3. Zu den börsenspezifischen Risiken gehören Abhebungsstopps oder KYC-bezogene Kontosperren, die eine rechtzeitige Kapitalumschichtung nach der Umsetzung einer BTD-Entscheidung verhindern.

4. On-Chain-Daten zeigen, dass über 68 % der BTD-Einträge, die während des Ethereum-Absturzes im Mai 2021 getätigt wurden, innerhalb von 12 Stunden nach dem niedrigsten Intraday-Wert erfolgten – viele dieser Käufer sahen sich mit weiteren Abwärtsbewegungen konfrontiert, bevor die Erholung einsetzte.

Technische Ausführungs-Frameworks

1. Bei der Mittelung der Dollarkosten in einen Rückgang wird das Kapital auf drei oder mehr vordefinierte Preisschwellen aufgeteilt, anstatt alle Mittel auf einmal einzusetzen.

2. Die Analyse des volumengewichteten Durchschnittspreises (VWAP) hilft zu erkennen, ob ein Rückgang mit institutionellen Akkumulationszonen oder lediglich einer Kapitulation des Einzelhandels zusammenfällt.

3. Die Umkehrung der Futures-Finanzierungsrate – wenn die negative Finanzierung länger als 48 aufeinanderfolgende Stunden anhält – geht häufig einer anhaltenden BTD-Momentum voraus, da gehebelte Long-Positionen massenhaft liquidiert werden.

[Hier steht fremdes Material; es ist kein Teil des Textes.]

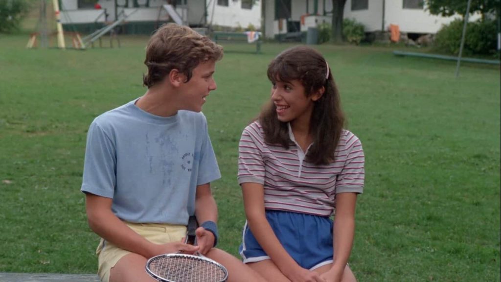In contrast to its Camp Crystal Lake counterpart, Sleepaway Camp features a cadre of strong characters among its slasher fodder. In the lead role, Felissa Rose carves out bits of humanity within Angela’s general muteness through subtle expression. On the Scream Factory commentary, Rose expounds: “When you’re a child, you’re apt to have a bigger imagination. I created a whole character for myself.” When camper Paul (Christopher Collet) approaches Angela at a camp social and begins to tell her stories about himself, Rose utilizes her physicality to say what her character can’t: her eyes widen, the corners of her mouth turn slightly (but noticeably) upward, her head tilts forward as a turtle emerges from its shell. As her relationship with Paul progresses throughout the runtime, she eventually speaks, and it’s no surprise that Paul is the recipient of her words—her comfort with him was apparent from their first meeting.

4. Wallet-Clustering-Techniken zeigen, ob Adressen, die sich bei Abschwüngen ansammeln, zu bekannten Börsen-Wallets, Mining-Pools oder langfristigen Hodlern gehören – diese Unterscheidung gibt Aufschluss über die Überzeugung hinter dem Schritt.

Häufig gestellte Fragen

Q1. Funktioniert „Buying the Dip“ für alle Kryptowährungen gleich gut? Nein. Token mit schwacher Entwicklungsaktivität, geringen täglich aktiven Adressen oder zentralisierter Token-Verteilung weisen nach Rückgängen eine schlechte Mittelwertumkehr auf – historische Daten zeigen, dass sich nur 39 % der Top-50-Coins nach Marktkapitalisierung innerhalb von 90 Tagen nach dem Rückgang vollständig erholt haben.

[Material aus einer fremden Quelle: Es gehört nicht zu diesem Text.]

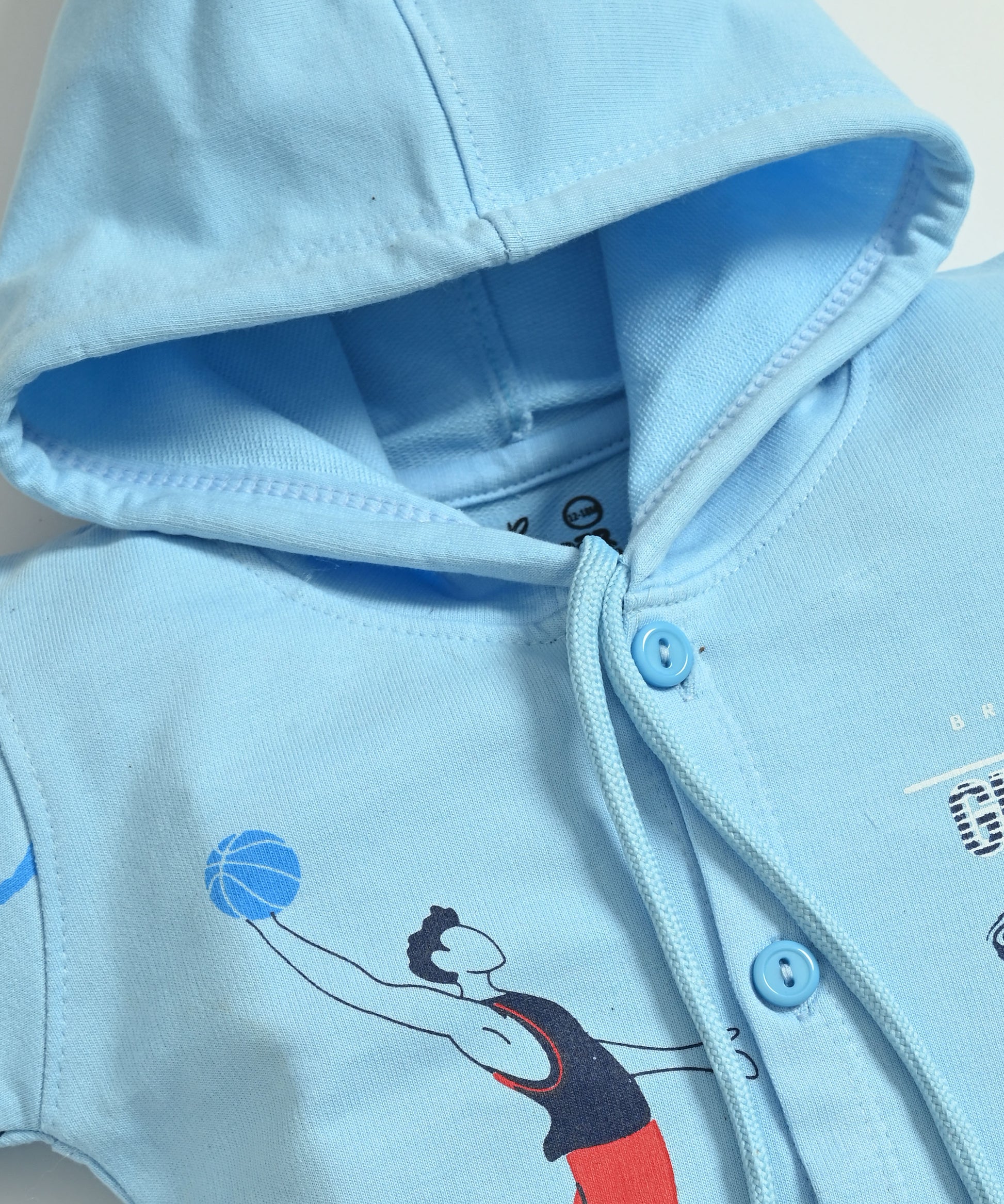 Basketball Full Sleeves Front Open Hooded Sweatshirt & Joggers Set | Blue

Q2. Wie hängen Stablecoin-Zuflüsse mit BTD-Verhalten zusammen? On-Chain-Analysen zeigen, dass die an Börsen gehaltenen Stablecoin-Reserven 24 bis 48 Stunden vor Beginn größerer Einbrüche stark ansteigen – dies signalisiert einen vorbereitenden Kapitaleinsatz durch informierte Teilnehmer, die mit Volatilität rechnen.

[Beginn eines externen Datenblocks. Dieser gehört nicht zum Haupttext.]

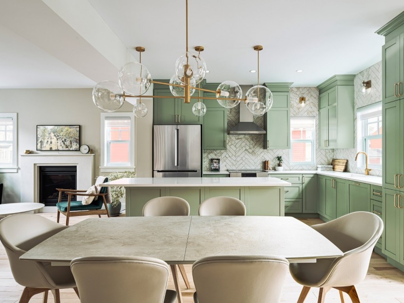 A large, bright and multifunctional room forms the heart of the home: equipped with a gas fireplace, it can be converted into a cozy den by the fire, while maintaining a convivial dining area on the other side. The U-shaped kitchen is functional and well-designed, with plenty of counter space and storage.
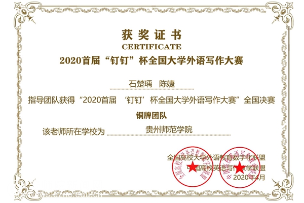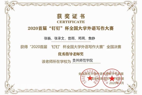 本网讯 历时近3个月的首届“钉钉”杯全国大学外语写作大赛已进入尾声,该赛事吸引了全国3000多支高等院校团队进行线上角逐,最终60个团队荣获金、银、铜奖项。YABO鸭脖外国语学院师生喜获佳绩,共获得了“铜牌团队”和“优秀团队”各一项,学生个人奖项以及优秀指导教师奖多项。
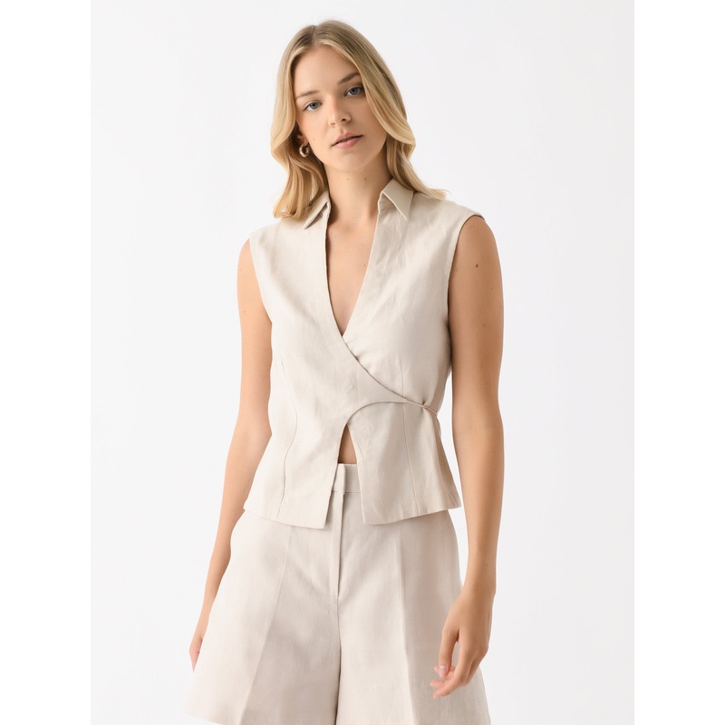 A sleeveless wrap-style shirt made from woven linen with a collard neckline.

Q3. Können Walbewegungen in der Kette ein BTD-Signal ungültig machen? Ja. Wenn große Inhaber während eines Rückgangs gleichzeitig Token an außerbörsliche Schalter oder Kühlhäuser übertragen, deutet dies eher auf einen strategischen Ausstieg als auf eine Anhäufung hin – solche Ströme korrelieren in 73 % der beobachteten Fälle mit längeren Abwärtsphasen.

Q4. Gibt es einen Zusammenhang zwischen der Twitter-Stimmung und der BTD-Timing-Genauigkeit? Die Stimmungspolaritätswerte von Twitter zeigen einen statistisch signifikanten umgekehrten Zusammenhang mit den 7-Tage-Forward-Renditen: In 61 % der Fälle, in denen BTC und ETH involviert sind, geht eine extreme Negativität (unter -0,8 auf einer Skala von -1 bis +1) einer positiven Preisbewegung voraus.